Listed records section start

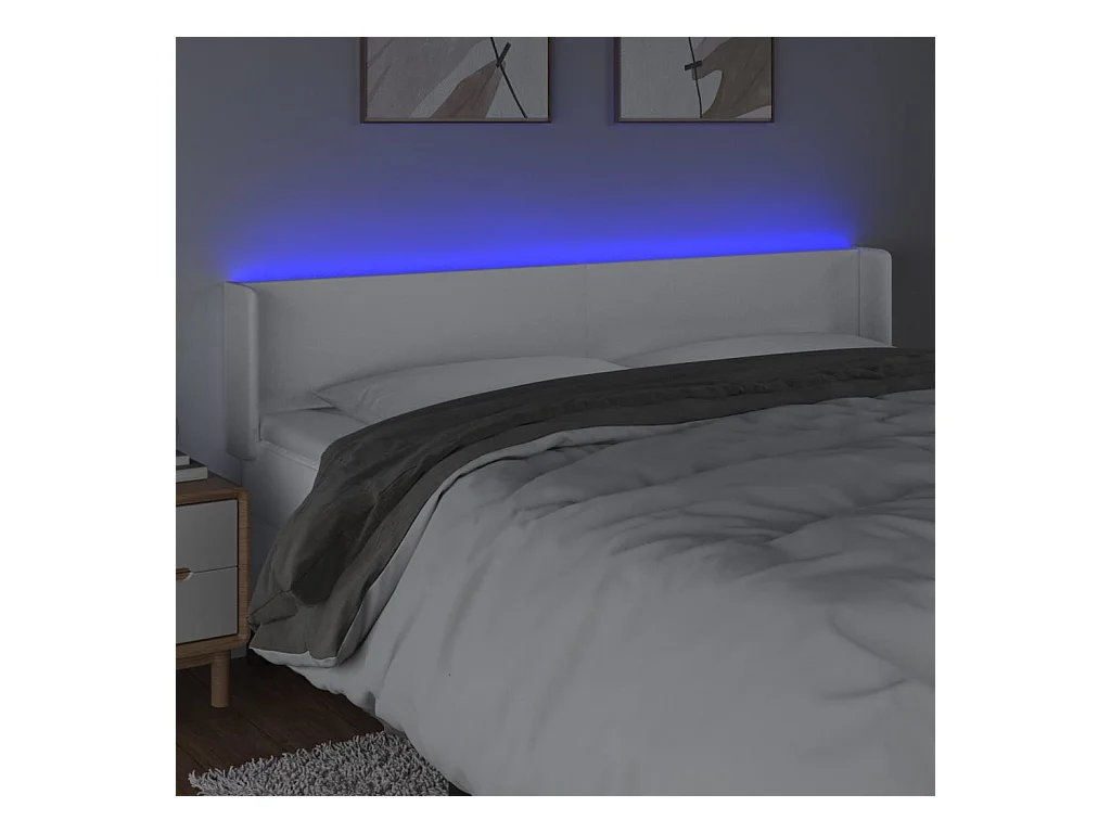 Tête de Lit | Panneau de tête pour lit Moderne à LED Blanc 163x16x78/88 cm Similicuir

Listed records section end
Listed records section start

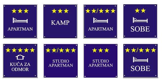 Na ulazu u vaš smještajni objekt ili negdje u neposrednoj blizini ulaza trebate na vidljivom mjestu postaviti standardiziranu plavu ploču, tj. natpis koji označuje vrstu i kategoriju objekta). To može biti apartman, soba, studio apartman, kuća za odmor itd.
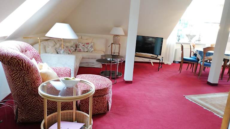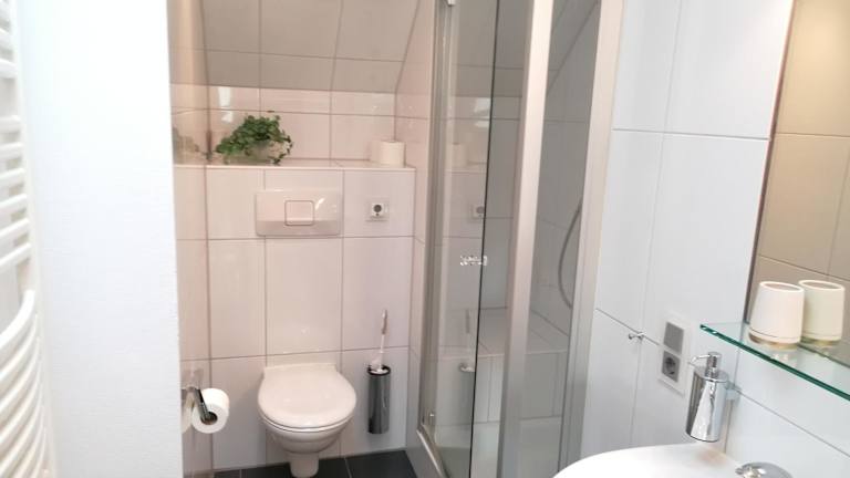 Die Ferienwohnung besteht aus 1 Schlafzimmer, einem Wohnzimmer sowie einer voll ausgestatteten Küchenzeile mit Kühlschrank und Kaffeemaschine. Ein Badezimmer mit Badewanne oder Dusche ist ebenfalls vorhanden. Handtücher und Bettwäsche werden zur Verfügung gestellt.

Listed records section end

Problem details: Within the listing above, find the line containing "Na ulazu u vaš" and the line containing "Die Ferienwohnung besteht". Transcribe them and everything between them exactly, leaving out the pictures.

Solution below:
 Na ulazu u vaš smještajni objekt ili negdje u neposrednoj blizini ulaza trebate na vidljivom mjestu postaviti standardiziranu plavu ploču, tj. natpis koji označuje vrstu i kategoriju objekta). To može biti apartman, soba, studio apartman, kuća za odmor itd.
 Die Ferienwohnung besteht aus 1 Schlafzimmer, einem Wohnzimmer sowie einer voll ausgestatteten Küchenzeile mit Kühlschrank und Kaffeemaschine. Ein Badezimmer mit Badewanne oder Dusche ist ebenfalls vorhanden. Handtücher und Bettwäsche werden zur Verfügung gestellt.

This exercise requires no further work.